### Given information
· · · · ·
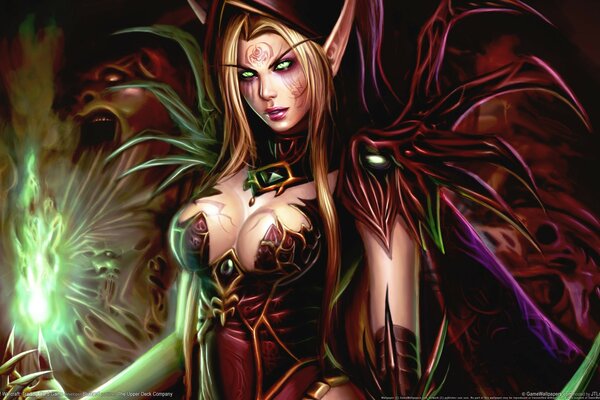 Eine kriegerische Elf mit einem Stab in der Hand
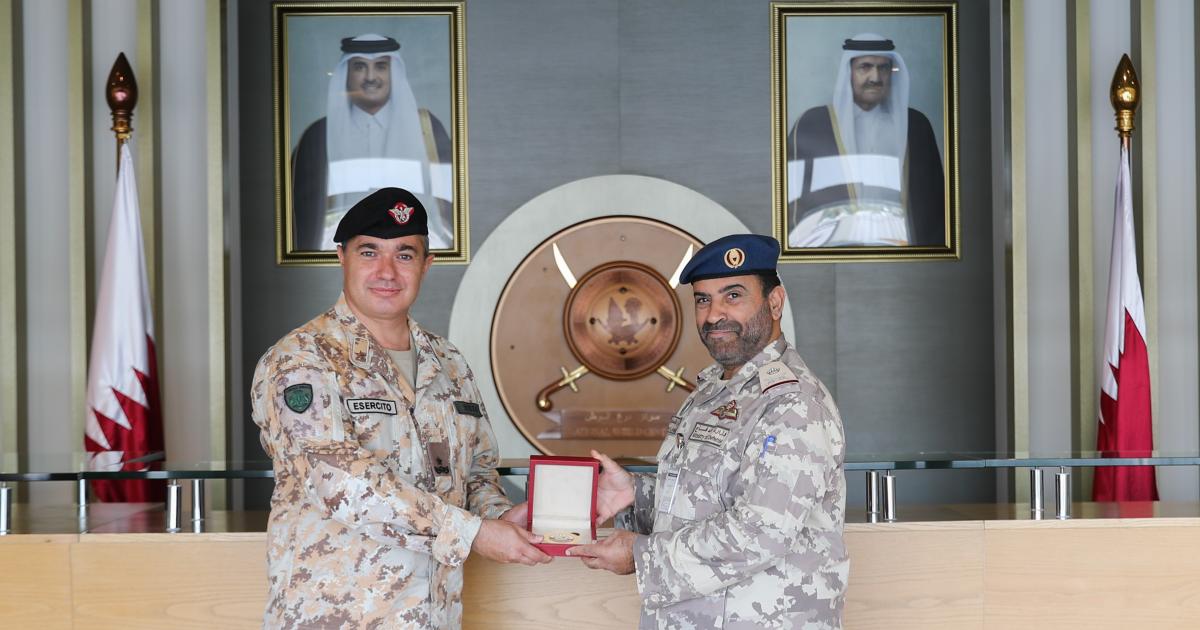 التقى سعادة اللواء الركن (طيار) محمد عبداللطيف المناعي مستشار سعادة نائب رئيس مجلس الوزراء وزير الدولة لشؤون الدفاع للشؤون العسكرية والأمنية ورئيس لجنة وزارة الدفاع التنفيذية لحدث كأس العالم FIFA قطر 2022، اليوم الجمعة، العميد الركن جوسيبي بوسا قائد القوة الإيطالية المشاركة في دعم قيادة القوة المشتركة لتأمين بطولة كأس العالم FIFA قطر 2022.
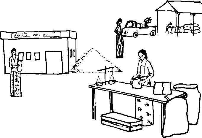 Petits exploitants. Dans le contexte du développement rural, la superficie de terre cultivée n'est pas nécessairement le critere majeur. Un hectare de terre irrigué peut en effet etre tres productif. En vérité, le petit exploitant est handicapé par le manque de moyens économiques qui l'empeche de prendre de trop gros risques, par un sentiment d'infériorité sociale, ainsi que par une instruction limitée et un acces restreint aux informations techniques et économiques. Il commence a gouter aux bienfaits d'un marché amélioré une fois que d'autres gros exploitants en ont profité. Il reçoit d'ordinaire des prix moins avantageux parce qu'il n'a que de petites quantités a offrir. Meme si le gouvernement fixe des prix officiels, les petits exploitants les touchent rarement. Ils vendent leur production a la ferme ou dans le village, et quelqu'un d'autre la prend en charge pour la livrer a la station officielle d'achat.
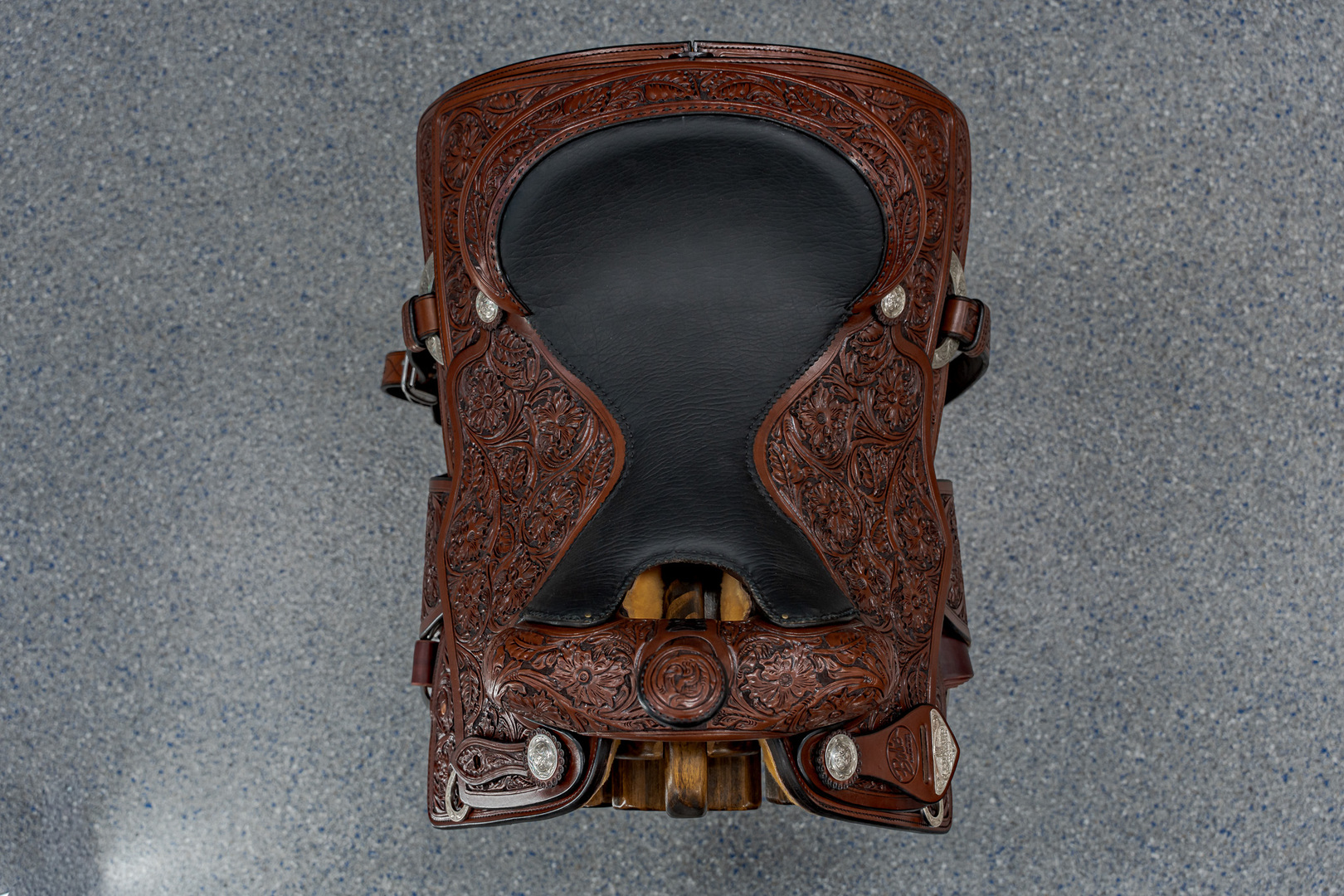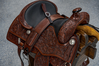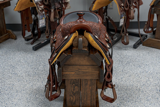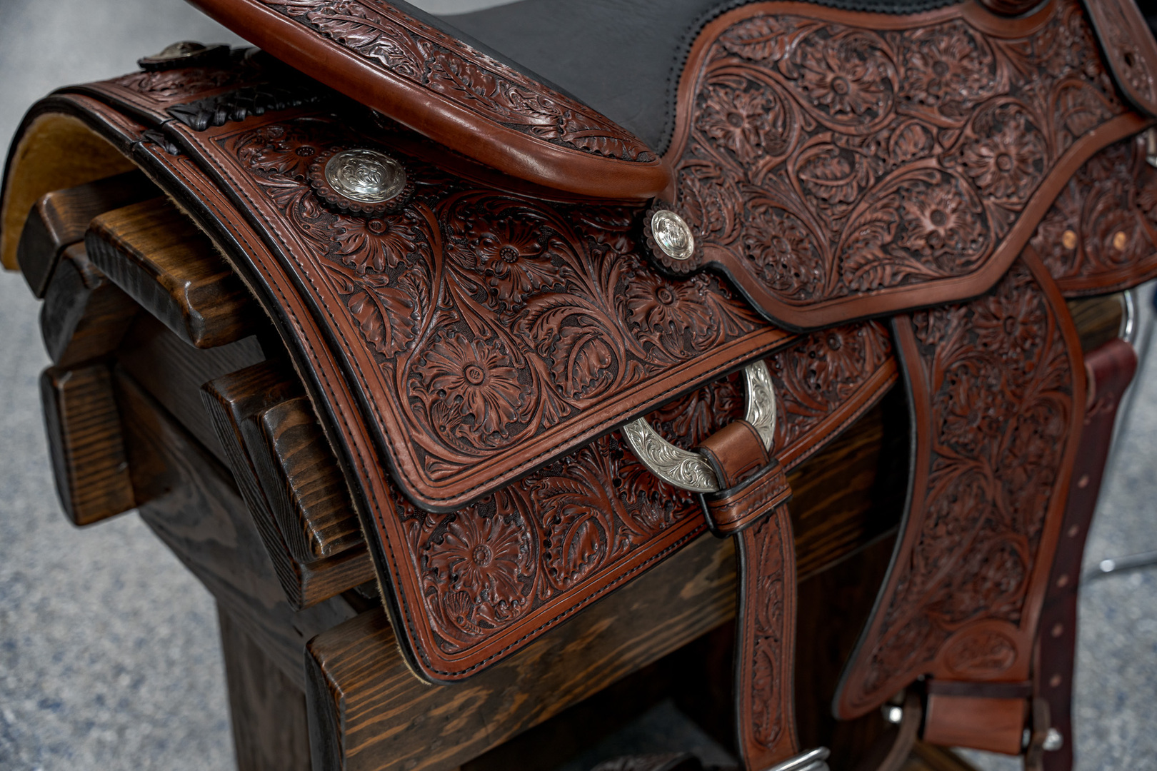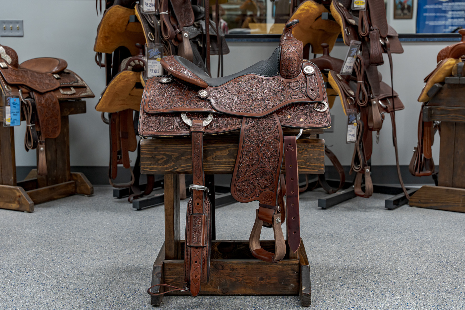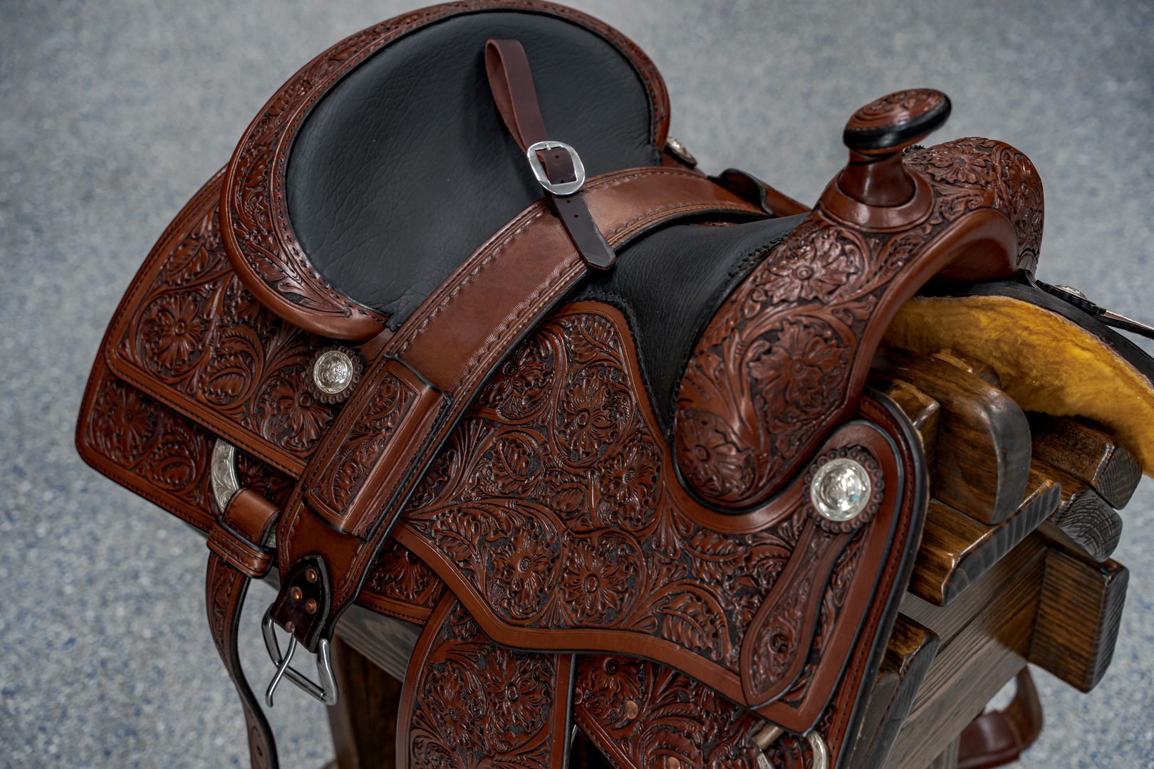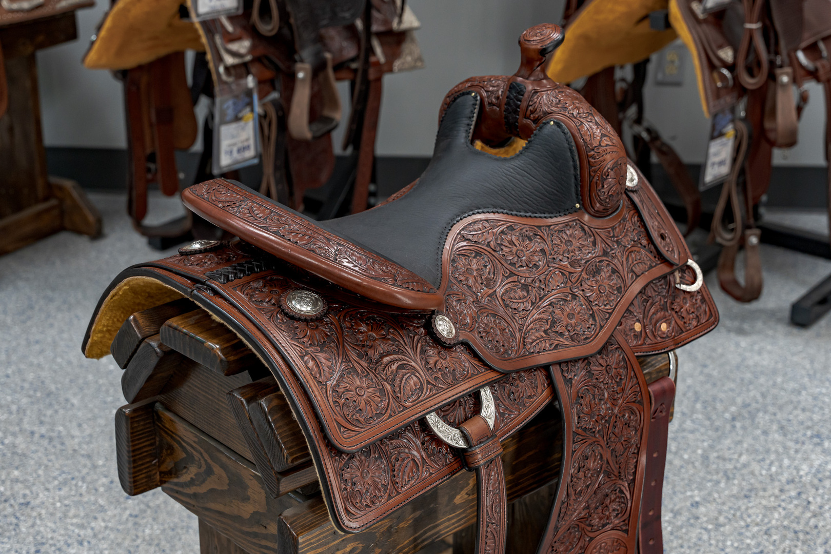 View Inventory: https://leonardtrailers.com/inventory/45293 Tim McQuay Reining Saddle Tree: 16.5in T. McQuay (8 1/2” x 6 1/2) Cantle: 3 1/4” DL Seat Style: 16” Single Narrow Padding T. McQuay Seat, Seat Color: BLACK BISON Rear Cinch included Since 1977, Bob’s Custom Saddles are built with the finest trees available; from hand-picked, top-grain hermann oak leather, real sheepskin, and hand-engraved sterling silver or silver overlay. Bob’s hand-tool every saddle, hand-lay every ground seat, hand-stitch every seat, and hand-craft each cantle. Their superior quality, craftsmanship, and performance are a prime choice for premier horsemen around the world. Proudly presented by Leonard Truck & Trailer. Stock Number:45293
· · · · ·
Would you please reproduce verbatim the run of lines that opens the listing and ends with the line holding "التقى سعادة اللواء", and only that run, leaving every picture out?

 Eine kriegerische Elf mit einem Stab in der Hand
 التقى سعادة اللواء الركن (طيار) محمد عبداللطيف المناعي مستشار سعادة نائب رئيس مجلس الوزراء وزير الدولة لشؤون الدفاع للشؤون العسكرية والأمنية ورئيس لجنة وزارة الدفاع التنفيذية لحدث كأس العالم FIFA قطر 2022، اليوم الجمعة، العميد الركن جوسيبي بوسا قائد القوة الإيطالية المشاركة في دعم قيادة القوة المشتركة لتأمين بطولة كأس العالم FIFA قطر 2022.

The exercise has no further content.